### What to produce
For any picture in the lines below, please leave it out and copy the rest exactly.

### Material provided
--*--

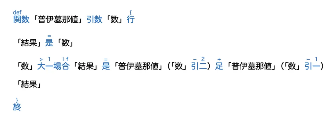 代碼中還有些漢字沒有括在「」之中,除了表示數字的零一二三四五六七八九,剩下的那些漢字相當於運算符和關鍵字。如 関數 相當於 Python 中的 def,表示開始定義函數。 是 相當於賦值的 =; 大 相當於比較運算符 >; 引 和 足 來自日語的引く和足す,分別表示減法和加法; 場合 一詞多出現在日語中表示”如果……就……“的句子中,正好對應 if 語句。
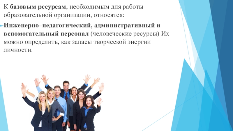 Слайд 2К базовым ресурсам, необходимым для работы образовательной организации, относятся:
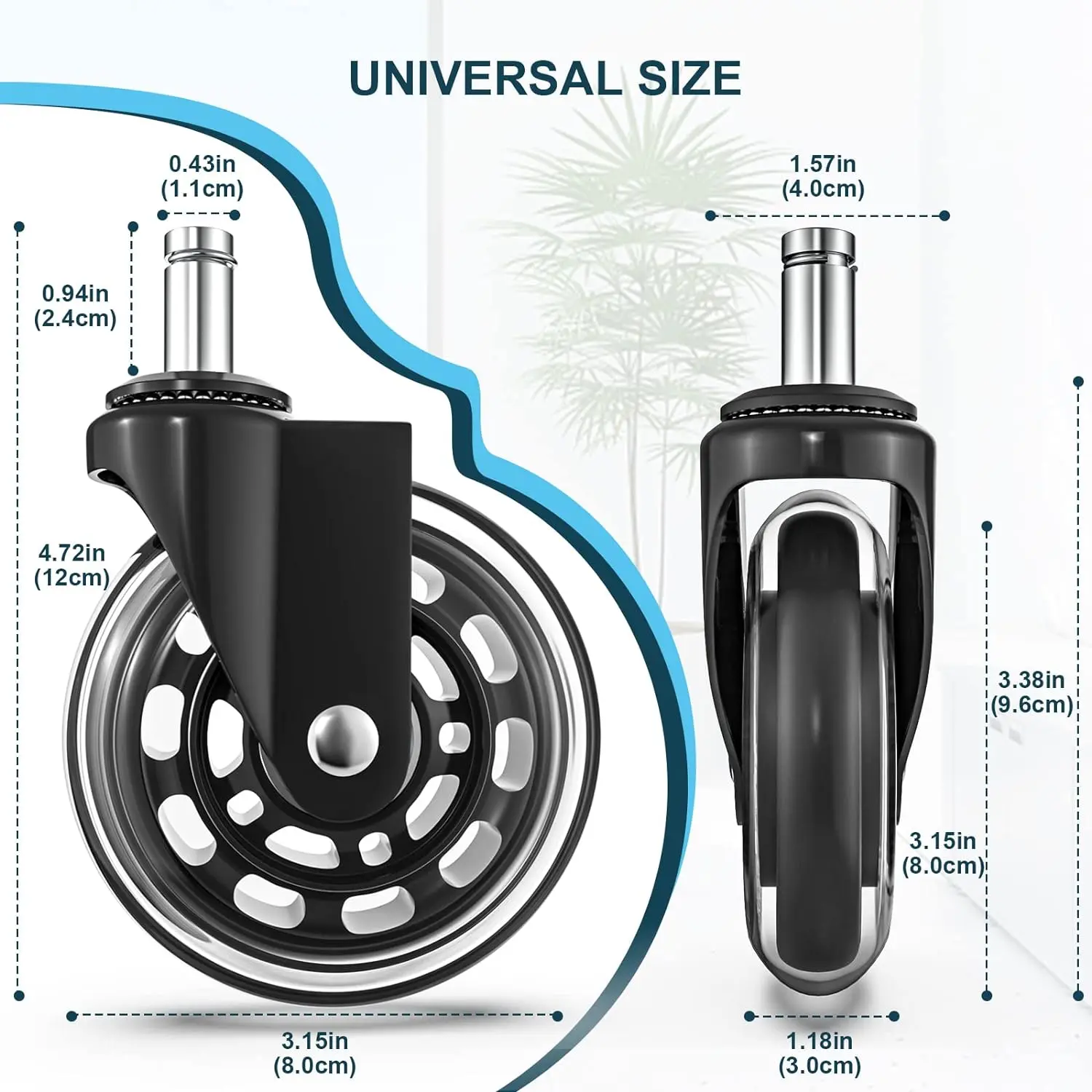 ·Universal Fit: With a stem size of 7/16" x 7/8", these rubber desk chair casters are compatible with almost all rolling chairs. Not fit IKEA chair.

--*--

### Solution
 代碼中還有些漢字沒有括在「」之中,除了表示數字的零一二三四五六七八九,剩下的那些漢字相當於運算符和關鍵字。如 関數 相當於 Python 中的 def,表示開始定義函數。 是 相當於賦值的 =; 大 相當於比較運算符 >; 引 和 足 來自日語的引く和足す,分別表示減法和加法; 場合 一詞多出現在日語中表示”如果……就……“的句子中,正好對應 if 語句。
 Слайд 2К базовым ресурсам, необходимым для работы образовательной организации, относятся:
 ·Universal Fit: With a stem size of 7/16" x 7/8", these rubber desk chair casters are compatible with almost all rolling chairs. Not fit IKEA chair.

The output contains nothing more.